**WORK ITEM**
Copy out exactly the lines below that run from the one holding "Selamat kepada User" to the one holding "Dette finnes på", keeping both of those lines and no others.
*** Block opens ***
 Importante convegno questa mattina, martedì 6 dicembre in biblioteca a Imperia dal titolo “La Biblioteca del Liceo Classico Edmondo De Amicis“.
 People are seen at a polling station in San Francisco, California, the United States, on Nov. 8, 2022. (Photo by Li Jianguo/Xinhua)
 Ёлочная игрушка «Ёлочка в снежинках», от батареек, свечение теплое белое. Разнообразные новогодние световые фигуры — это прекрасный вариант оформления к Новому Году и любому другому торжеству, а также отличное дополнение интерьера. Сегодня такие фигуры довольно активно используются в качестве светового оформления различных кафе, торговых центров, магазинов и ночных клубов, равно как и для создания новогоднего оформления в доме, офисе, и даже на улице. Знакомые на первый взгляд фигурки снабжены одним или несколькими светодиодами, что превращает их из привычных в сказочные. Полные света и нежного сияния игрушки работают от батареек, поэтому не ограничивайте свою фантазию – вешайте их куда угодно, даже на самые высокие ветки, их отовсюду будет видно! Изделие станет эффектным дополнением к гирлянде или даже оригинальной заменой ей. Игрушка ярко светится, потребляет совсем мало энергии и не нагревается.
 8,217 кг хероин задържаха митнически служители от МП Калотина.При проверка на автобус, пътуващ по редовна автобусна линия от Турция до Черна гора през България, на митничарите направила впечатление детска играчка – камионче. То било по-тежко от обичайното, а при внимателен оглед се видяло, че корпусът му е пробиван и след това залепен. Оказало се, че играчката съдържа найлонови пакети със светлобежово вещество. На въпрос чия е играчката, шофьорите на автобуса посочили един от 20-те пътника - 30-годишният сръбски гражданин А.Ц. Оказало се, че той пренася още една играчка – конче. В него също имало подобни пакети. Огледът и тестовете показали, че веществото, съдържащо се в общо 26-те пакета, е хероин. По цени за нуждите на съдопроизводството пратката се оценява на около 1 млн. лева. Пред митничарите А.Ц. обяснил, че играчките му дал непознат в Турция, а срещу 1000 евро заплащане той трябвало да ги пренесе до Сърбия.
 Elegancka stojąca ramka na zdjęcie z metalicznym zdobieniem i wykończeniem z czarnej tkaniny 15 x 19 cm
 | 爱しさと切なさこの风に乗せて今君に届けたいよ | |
*** Block closes ***
*** Block opens ***
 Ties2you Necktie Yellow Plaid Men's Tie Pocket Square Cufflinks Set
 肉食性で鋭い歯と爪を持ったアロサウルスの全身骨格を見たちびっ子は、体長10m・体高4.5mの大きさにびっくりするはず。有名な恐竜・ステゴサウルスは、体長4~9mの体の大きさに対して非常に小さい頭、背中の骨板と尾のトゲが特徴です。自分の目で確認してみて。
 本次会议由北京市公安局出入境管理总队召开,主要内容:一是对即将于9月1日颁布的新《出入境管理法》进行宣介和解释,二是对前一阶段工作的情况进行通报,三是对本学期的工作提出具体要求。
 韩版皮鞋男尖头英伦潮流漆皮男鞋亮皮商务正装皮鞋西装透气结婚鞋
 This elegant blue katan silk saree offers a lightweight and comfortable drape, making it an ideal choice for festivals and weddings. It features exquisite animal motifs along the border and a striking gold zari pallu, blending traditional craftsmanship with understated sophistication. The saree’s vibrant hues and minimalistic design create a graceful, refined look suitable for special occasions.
*** Block closes ***
*** Block opens ***
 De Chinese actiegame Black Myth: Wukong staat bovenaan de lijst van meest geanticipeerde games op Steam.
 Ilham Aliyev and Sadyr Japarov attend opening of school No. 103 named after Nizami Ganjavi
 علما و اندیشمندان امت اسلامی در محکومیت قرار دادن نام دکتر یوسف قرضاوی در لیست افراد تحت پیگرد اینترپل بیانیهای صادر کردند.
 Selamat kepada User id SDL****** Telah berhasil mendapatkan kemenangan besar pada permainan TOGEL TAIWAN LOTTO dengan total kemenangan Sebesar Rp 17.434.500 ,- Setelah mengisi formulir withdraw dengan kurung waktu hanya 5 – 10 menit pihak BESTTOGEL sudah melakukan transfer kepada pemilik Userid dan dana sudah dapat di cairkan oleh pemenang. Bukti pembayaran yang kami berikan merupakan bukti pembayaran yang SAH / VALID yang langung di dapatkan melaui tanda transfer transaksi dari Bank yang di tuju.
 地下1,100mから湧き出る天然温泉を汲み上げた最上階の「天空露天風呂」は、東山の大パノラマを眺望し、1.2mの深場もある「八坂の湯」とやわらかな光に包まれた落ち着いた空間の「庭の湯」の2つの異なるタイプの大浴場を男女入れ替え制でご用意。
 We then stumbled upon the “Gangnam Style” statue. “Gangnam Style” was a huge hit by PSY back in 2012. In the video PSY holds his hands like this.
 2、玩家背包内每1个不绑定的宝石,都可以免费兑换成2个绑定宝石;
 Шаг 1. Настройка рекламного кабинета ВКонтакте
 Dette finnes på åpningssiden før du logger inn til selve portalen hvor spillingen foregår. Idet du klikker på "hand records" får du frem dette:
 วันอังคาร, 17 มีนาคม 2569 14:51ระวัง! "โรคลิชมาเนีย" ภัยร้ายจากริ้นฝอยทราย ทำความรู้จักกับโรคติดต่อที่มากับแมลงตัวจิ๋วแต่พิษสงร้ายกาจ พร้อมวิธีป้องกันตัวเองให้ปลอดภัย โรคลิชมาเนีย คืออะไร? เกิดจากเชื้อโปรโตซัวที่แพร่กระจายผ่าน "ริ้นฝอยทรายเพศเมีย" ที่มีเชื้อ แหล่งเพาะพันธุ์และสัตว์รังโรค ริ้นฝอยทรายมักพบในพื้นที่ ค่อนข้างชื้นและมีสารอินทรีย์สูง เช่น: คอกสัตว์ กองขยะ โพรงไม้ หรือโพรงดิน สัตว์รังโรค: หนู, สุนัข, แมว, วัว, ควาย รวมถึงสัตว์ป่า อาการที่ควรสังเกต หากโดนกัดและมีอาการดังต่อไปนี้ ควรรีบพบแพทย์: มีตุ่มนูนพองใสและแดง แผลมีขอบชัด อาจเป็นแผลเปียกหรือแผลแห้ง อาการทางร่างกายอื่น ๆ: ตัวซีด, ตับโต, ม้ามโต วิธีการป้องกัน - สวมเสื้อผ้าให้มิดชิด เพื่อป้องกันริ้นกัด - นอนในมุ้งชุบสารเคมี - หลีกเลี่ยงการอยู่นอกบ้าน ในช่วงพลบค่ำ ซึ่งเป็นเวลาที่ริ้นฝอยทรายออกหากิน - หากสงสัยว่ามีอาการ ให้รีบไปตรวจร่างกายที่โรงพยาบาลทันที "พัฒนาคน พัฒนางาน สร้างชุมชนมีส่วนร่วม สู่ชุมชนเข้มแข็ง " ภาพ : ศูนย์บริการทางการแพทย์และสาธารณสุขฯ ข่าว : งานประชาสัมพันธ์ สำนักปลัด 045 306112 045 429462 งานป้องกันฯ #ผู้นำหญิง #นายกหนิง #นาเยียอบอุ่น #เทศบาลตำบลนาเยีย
*** Block closes ***
**RESPONSE**
 Selamat kepada User id SDL****** Telah berhasil mendapatkan kemenangan besar pada permainan TOGEL TAIWAN LOTTO dengan total kemenangan Sebesar Rp 17.434.500 ,- Setelah mengisi formulir withdraw dengan kurung waktu hanya 5 – 10 menit pihak BESTTOGEL sudah melakukan transfer kepada pemilik Userid dan dana sudah dapat di cairkan oleh pemenang. Bukti pembayaran yang kami berikan merupakan bukti pembayaran yang SAH / VALID yang langung di dapatkan melaui tanda transfer transaksi dari Bank yang di tuju.
 地下1,100mから湧き出る天然温泉を汲み上げた最上階の「天空露天風呂」は、東山の大パノラマを眺望し、1.2mの深場もある「八坂の湯」とやわらかな光に包まれた落ち着いた空間の「庭の湯」の2つの異なるタイプの大浴場を男女入れ替え制でご用意。
 We then stumbled upon the “Gangnam Style” statue. “Gangnam Style” was a huge hit by PSY back in 2012. In the video PSY holds his hands like this.
 2、玩家背包内每1个不绑定的宝石,都可以免费兑换成2个绑定宝石;
 Шаг 1. Настройка рекламного кабинета ВКонтакте
 Dette finnes på åpningssiden før du logger inn til selve portalen hvor spillingen foregår. Idet du klikker på "hand records" får du frem dette:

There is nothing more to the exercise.